The Victim of Prejudice is a novel by the English novelist Mary Hays. Published in 1799, it is Hays' second novel.

The novel, depicting the challenges that its protagonist, Mary, encounters throughout her life, underlines the difficulty that women experienced in gaining sufficient means of living and their dependency on men in late 18th century England. As such, the novel was part of a larger grouping of feminist writing that occurred around this time of British history, including the works of Mary Wollstonecraft, Jane Austen, Elizabeth Inchbald and Mary Robinson.

Plot summary
The main character, Mary, is brought up by her guardian Mr. Raymond in a loving environment, separate from the prejudiced and patriarchal society of Britain. This unsullied childhood begins to shift, when at the age of 11, two brothers, William and Edmund Pelham, come to live with and be educated by Mr. Raymond. Mary soon develops a close friendship with William, and on two separate occasions their games make Mary run into Sir Peter Osborne, who lies in the neighboring house. On the first occasion, William convinces Mary to steal grapes from the neighbor's garden, but is caught by several young men, one of which being Sir Peter Osborne. Sir Peter Osborne threatens to kiss Mary but she is able to escape before he is able to. On the second occasion, Mary attempts to save a hare from a hunting party during her games with William, and Sir Peter Osborne whips her several times with his horse whip before forcefully kissing her. 
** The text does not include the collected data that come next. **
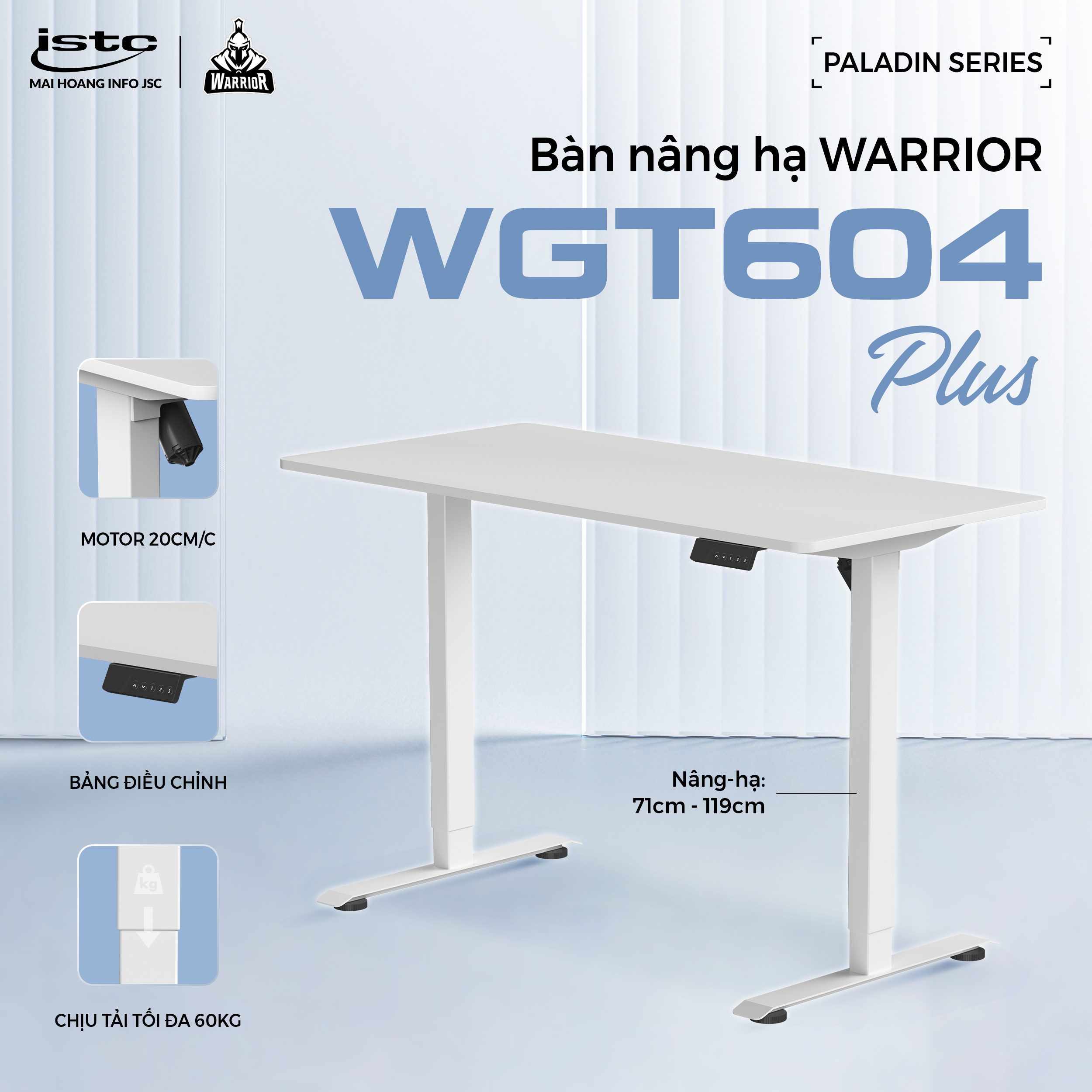 Bàn nâng hạ điện WARRIOR WGT604 Plus sở hữu mặt bàn hai mảnh làm từ chất liệu Particle Board P2PB dày 16mm, bền chắc và chống cong vênh. Với hai tông màu Trắng – Đen sang trọng, sản phẩm phù hợp với mọi không gian làm việc từ văn phòng đến gia đình. Chân bàn bằng hợp kim hình chữ T vững chãi, nâng đỡ tối ưu và tăng tính thẩm mỹ.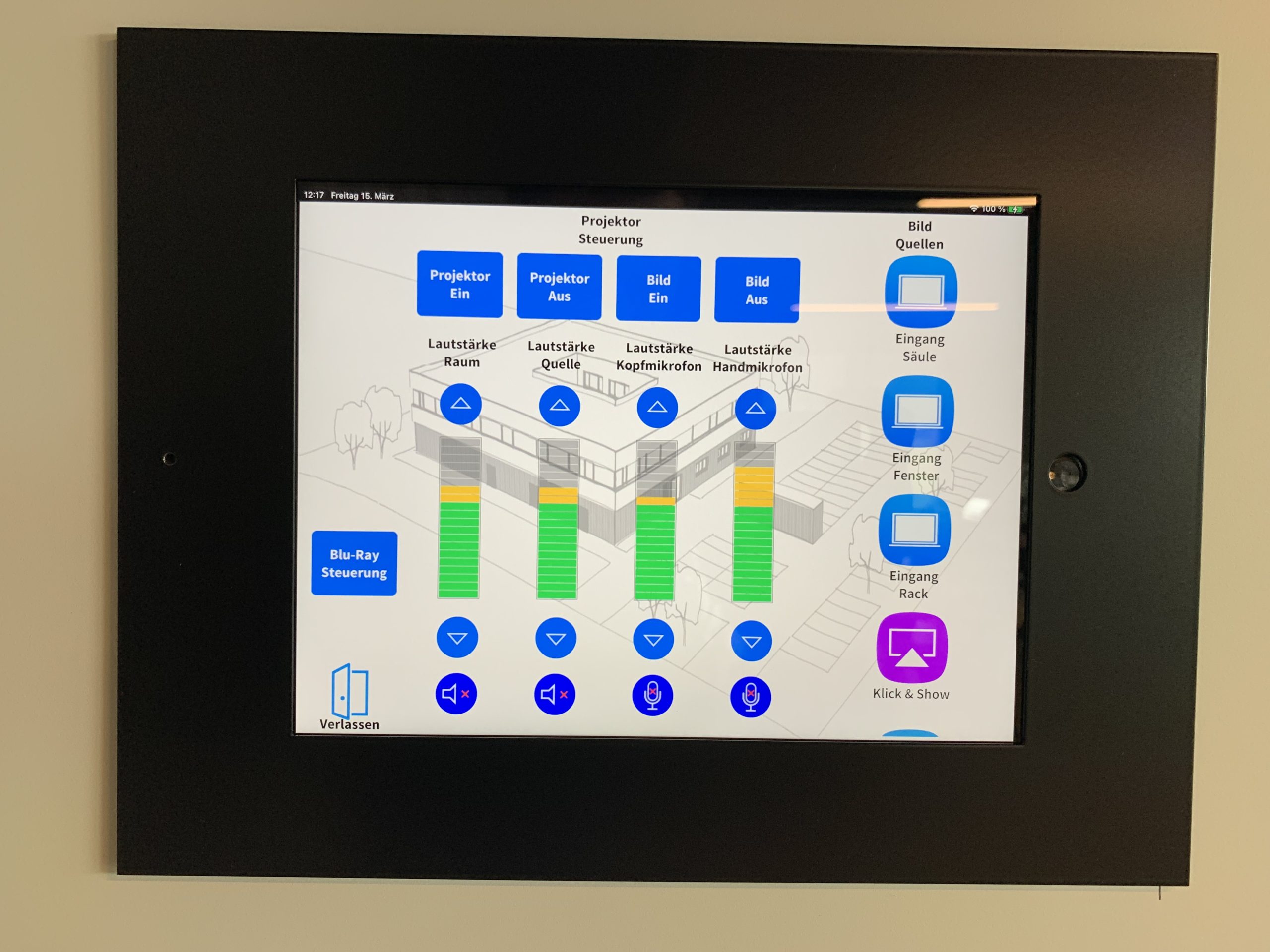 Für die Kantine haben wir einen Projektor mit 5.000 ANSI Lumen von NEC, eine 3,40m breite Leinwand von WS Spalutto, Lautsprecher von Crestron, Mikrofone von Sennheiser und eine Raumsteuerung von Crestron installiert.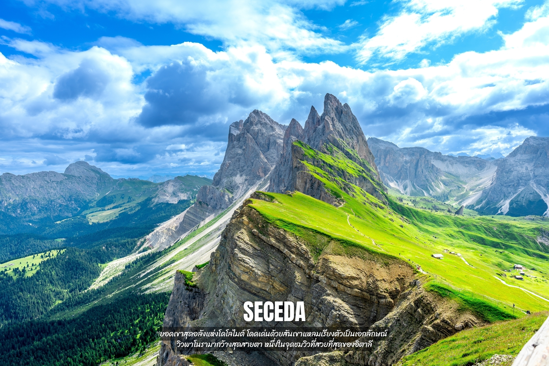 - นั่งกระเช้าพิชิต ยอดเขา Seceda ชมวิวทิวทัศน์บนทุ่งหญ้าราบเลียบบนภูเขา ท่านจะได้ชมยอดเขาแหลมเหมือนฟันฉลาม

As William and Mary grow older, Mr. Raymond sees that he must separate them in order to maintain his promise to the boys' father; that he should keep them from any acquaintance that might negatively affect their future as men of fashion and wealth. He sends Mary to live with a friend, Mr. Neville, and his family. During this time, Mary is saved from being swept away to sea by a boat of seamen, one of which is Sir Peter Osborne. After returning her to the Nevilles, Sir Peter Osborne makes several offers to pay a visit to Mary and shows up at the house on several occasions, all of which are denied by the Nevilles. 

The rest of the novel details the trials that Mary encounters upon the death of her benevolent guardian Mr. Raymond, and her subsequent reliance on the charity of those around her.